General director of FC Chernihiv
- Incumbent
- Assumed office 7 December 2003

Personal details
- Born: 26 April 1988 (age 38) Chernihiv, Chernihiv Oblast, Ukraine
- Children: 2

= Mykola Synytsya =

Mykola Yurievich Synytsya (Микола Юрійович Синиця; born 26 April 1988) is a Ukrainian businessman, Chief Executive Officer of Collar Company and General Director of the football club FC Chernihiv.

== Biography ==
Synytsya was born in the city of Chernihiv, Ukrainian SSR, Soviet Union.

===Collar Company===
COLLAR Company is a Ukrainian manufacturer of innovative products for pets, exporting pet products to 78 countries around the world. Recently the company started to cooperate with Amazon in order to use this channel to sell the products not sold in Ukraine. The company also started to cooperate with NASA where it agreed on the designs for new accessories: leashes, business cards, tape measures, bracelets and address books.
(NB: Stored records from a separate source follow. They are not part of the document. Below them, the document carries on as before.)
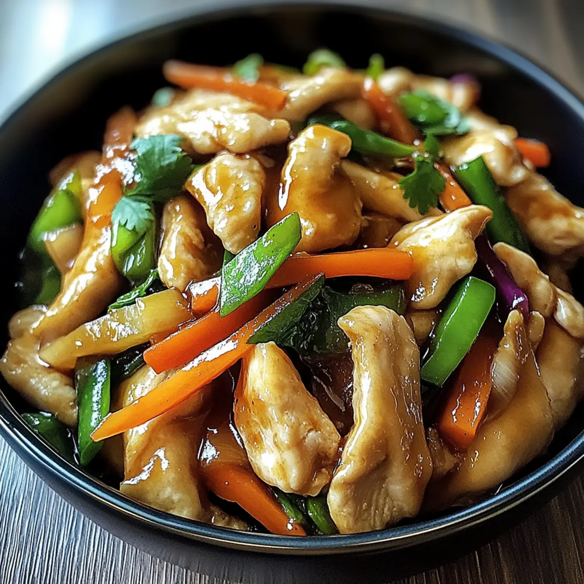- Combine the cooked chicken with sautéed vegetables and add hoisin, soy, and oyster sauces, stirring to coat.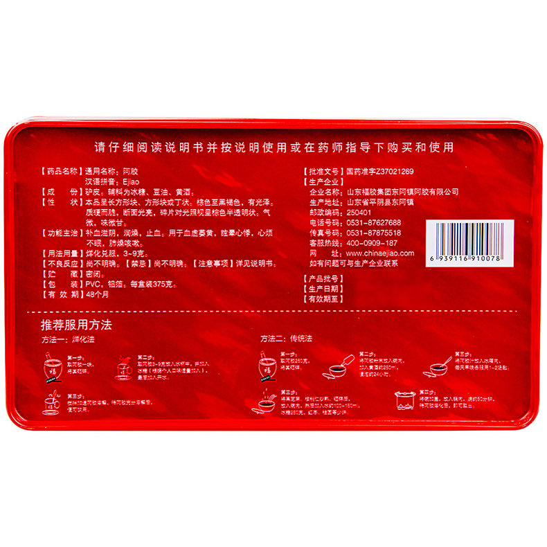 Enjoy a good gift] Fuffle Hide Gelatin 375g Shandong Donga Town Sheet Fu Glue Block Colla Colla Colla Colla Colla Colla Collard of Qi Nourishing Blood Nourishing D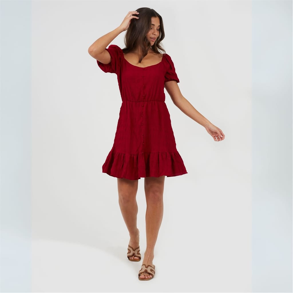 Discover the charm of Brave Soul's babydoll dress, a mini-length piece with a sweetheart neckline and short puff sleeves. This solid-coloured dress features a ruffle hem and button closure, adding a touch of elegance. The regular fit ensures comfort, while the button placket and ruffle embellishments enhance its stylish appeal. -
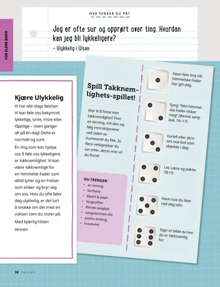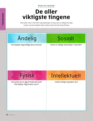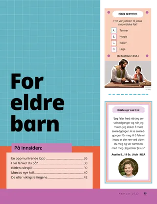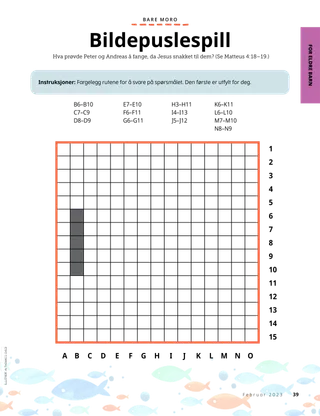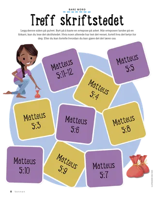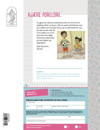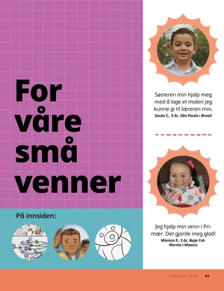 Februar 2023 Kjære vennerLes et budskap om å behandle mennesker vennlig og takle mobbing. Venner via postLes litt post fra våre venner rundt om i verden! Russell M. NelsonHvordan finne gledeLes et budskap fra president Russell M. Nelson om hvordan å finne glede Ray GoldrupTolv smilefjesAntonio gjør gode ting for folk etter å ha blitt utfordret av primærlæreren sin til å få folk til å smile. Kom, følg med meg Kom, følg med meg-aktiviteterBruk disse aktivitetene til å studere Kom, følg med meg sammen med familien. Treff skriftstedetLek et morsomt skriftsted-spill! DåpLær om din pakts sti tilbake til vår himmelske Fader. Maryssa DennisVenner som er tapt og funnet igjenNår Leah mister en venn på skolen, hjelper vår himmelske Fader henne. Isaac E.Fotball-valgetIsaac E. forteller hvordan han valgte å holde sabbatsdagen hellig. Finn den!Kan du finne gjenstandene som er skjult på bildet? Mikaela WilkinsStore historierBeckham forteller noen små løgner og lærer at å si sannheten er det beste valget. Følger Jesus i SverigeMøt Linnéa, Felicia, og Cecilia og lær om hvordan de følger Jesus. Hei fra Sverige!Ta en tur for å lære om Sverige! Jeffrey R. HollandHva lærer evangeliet oss om kjærlighet?Les et budskap fra eldste Jeffrey R. Holland om hvordan Gud lærer oss å vise kjærlighet. Lag Din Egen HjerteblomstLag noe med hjerte-tema som du kan dele med noen. Gayle Kinney-CorneliusVenner i friminuttetJason får venner på skolen som liker det samme som ham. Jeg kan stille opp for andreLær om hvordan Jesus Kristus stilte opp for andre og viste vennlighet. Følger Jesus sammenEn samling barnesitater fra forskjellige steder i verden. Lucy Stevenson EwellEggsølSasha og Alfred leker med noen egg og bommer skikkelig, men de velger å være ærlige. Sett fuglene sammenSpill et memospill for å huske hvordan Jesus Kristus bryr seg om oss. En lys idéEn plakat med budskapet: “Når jeg følger Jesus Kristus, er jeg lykkelig!” Vaiangina SikahemaEr Gud der inne?Les et budskap fra eldste Vaiangina Sikahema om hvordan han som barn ble beseglet til familien sin i tempelet. Margo og PaoloPaolo er nervøs for å gå til sin nye Primær-klasse, men Margo hjelper ham å føle seg bedre. For eldre barn For eldre barnTips og aktiviteter for eldre barn. Juliann Tenney DomanEn oppmuntrende lappRiley og vennene hennes gjør noe hyggelig for den nye læreren så han skal føle seg velkommen på skolen. Hva tenker du på?Les om hvordan takknemlighet kan hjelpe deg til å føle deg lykkeligere. BildepuslespillFullfør puslespillet for å finne svar på spørsmålet. Zoila Rosa Trelles AraujoMarcos nye kallMarco blir kalt som slektshistorisk konsulent i menigheten og lærer å gjøre slektshistorisk arbeid. De aller viktigste tingeneGjør denne aktiviteten for å få hjelp til å velge mål for programmet Barn og ungdom. For våre små venner For våre små vennerMøt noen små venner fra forskjellige steder i verden. Jeg kan følge Jesus ved å velge det retteLær om hvordan du kan følge Jesus ved å velge det rette. Jesus helbreder en kvinneLes en historie om hvordan Jesus helbredet en kvinne. Jeg tror på Jesus Kristus.Undervis de små med en evangeliesentrert fargeleggingsside. Denne månedens budskap er: “Jeg tror på Jesus Kristus.” Kom, følg med meg Aktiviteter for de småBruk disse forslagene for å studere Kom, følg med meg sammen med dine små. Kjære foreldreLes et budskap til foreldre om å finne fred i Jesus Kristus.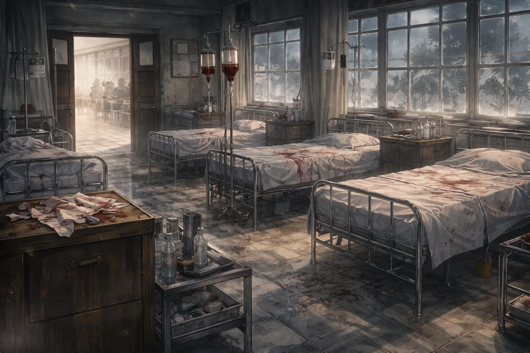 拳を握りしめ、ベッド脇の鉄柵を強く掴む。 利き手だぞ。戦場で、それがどれだけ致命的かわかってるはずだ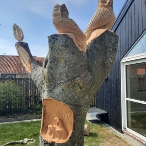 Overvejer du efter fældningen, at få lavet en smuk træskulptur i den tilbageværende stub, er det også en mulighed.

===General director of FC Chernihiv===

In July 2022, Mykola together with his brother managed to sign several players, including Vyacheslav Koydan, Volodymyr Zubashivskyi, Vladyslav Shkolnyi, Oleksandr Rudenko, Myroslav Serdyuk, Dmytro Kulyk, Eduard Halstyan and Mykola Syrash.

Despite the club's relegation to the Ukrainian Second League, he announced that the team's coach, Valeriy Chornyi, would remain in his position. The club was reinforced by signing Maksym Tatarenko, Andriy Porokhnya, Anatoliy Romanchenko and Maksym Serdyuk, the latter on loan from Livyi Bereh Kyiv. Following FC Chernihiv's promotion to the Ukrainian First League, Mykola, as General Manager of the club, received congratulations and high praise from Oleksandr Kadenko, President of the PFL, during the club's awards ceremony.

On 21 September 2025, during the Chernihiv City Day celebrations, the match between FC Chernihiv and Metalist Kharkiv was postponed due to a prolonged alarm. After an hour-long wait, the Kharkiv club decided not to play, considering the situation dangerous. Mykola admitted in an interview that his team waited for the visiting team to return to the field but to no avail.

== Under Investigation==
On 8 October 2025, he was suspected of falsifying employee data, organizing a scheme to book fictitious players. Mykola admitted his fault, but he said that acted only with good intentions, as the FC Chernihiv represents the city and allows more than 400 children to study in the border region. He was not aware of the damage he had caused and that he was ready to cooperate with the justice. Prosecutor Serhiy Domashenko requested that Sinytsia will be held in pretrial detention without bail suspecting that he could evade investigations, having been exempted from military service for reasons of health. Mykola said that he has no intention of leaving or hiding anywhere, that if he had such ideas, he would have left earlier during the outbreak of the war and that he will continue to cooperate with the investigation.